WASHINGTON – The farm bill’s focus on energy has united oil companies and the ethanol industry, Congress Daily reports. Both groups oppose additional mandates in the bill to boost corn-based ethanol as a gasoline additive. The Renewable Fuels Association want lawmakers to wait a bit to see how implementation of the production mandate in the 2005 energy bill goes before imposing other mandates.
Along with the ethanol industry, oil industry officials say the fact that the automobile industry has promised to produce more flexible fuel vehicles should be taken into account before additional mandates are imposed. Oil officials also point out that another ethanol mandate would increase the cost of corn and gasoline, as well as raise questions about how much ethanol-blended fuel would be available.
“What we're advocating is everyone take a deep breath and not jump off the next ethanol bridge,” Charles Drevna, executive vice president of the National Petrochemical & Refiners Association, told the news source.
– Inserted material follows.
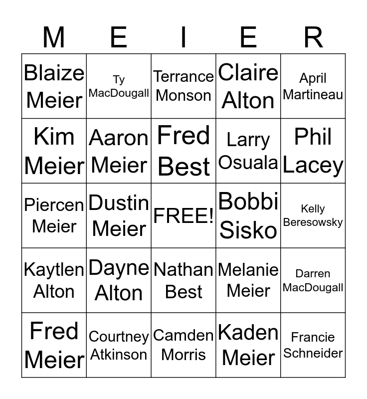 This bingo card has a free space and 65 words: Sam Wagner, Wayne Wagner, Nadine MacDougall, Darren MacDougall, Camden MacDougall, Reece MacDougall, Ty MacDougall, Tasha Best, Fred Best, Samantha Best, Nathan Best, Jessie Beresowsky, Kelly Beresowsky, April Martineau, Kelly Meier, Kim Meier, Dustin Meier, Blaize Meier, Tracie Osuala, Larry Osuala, Dayne Alton, Kaytlen Alton, Claire Alton, Liam Alton, Brittney Alton, Stephie Osuala, Alexis Osuala, Brooklyn Osuala, Francie Schneider, Walter Schneider, Fred Meier, Mildred Meier, Terry Meier, Lynn Meier, Melanie Meier, Courtney Atkinson, Darcy Meier, Piercen Meier, Kaden Meier, Brennan Meier, Aaron Meier, Wendy Verpy, Bobbi Sisko, David Sisko, Tyler Sisko, Brandi Verpy, Phil Lacey, Oasis Lacey, Stuart Lacey, Lori Morris, Jim Morris, James Morris, Kristy Morris, Camden Morris, Alyssa Morris, Kassandra Eckert, Torin Monson, Terrance Monson, Jason Eckert, Shirley Meier, Lawrence Meier, Gladys Johnson, Everett (Bus) Johnson, Frederick Meier and Bertha Meier.
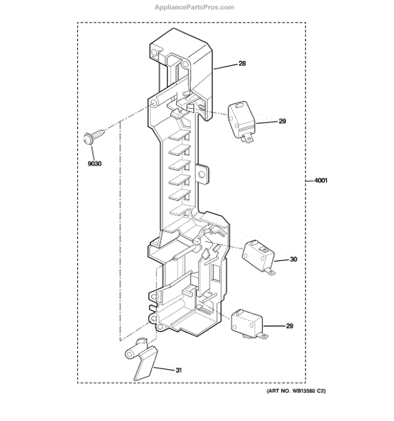 Causes of a bad latch and switch holder assembly can include cracked or broken plastic clips that mount it to the door, stripped mounting holes, or a deformed shape that prevents proper securing of the latch and switch mechanisms.

Two Senate bills already have proposed a renewable fuels mandate of 60 billion gallons of ethanol and biodiesel by 2030, and also to require major oil companies to have pumps carrying E-85 fuel at about half of their gasoline stations across the country within 10 years.
Lobbyists are already ready for a debate on renewable energy in the farm bill because of public interest in high oil and gasoline prices. “I don't think there's any question” that energy is a more prominent issue in this year's farm bill debate, John Felmy, chief economist for the American Petroleum Institute, told the new source.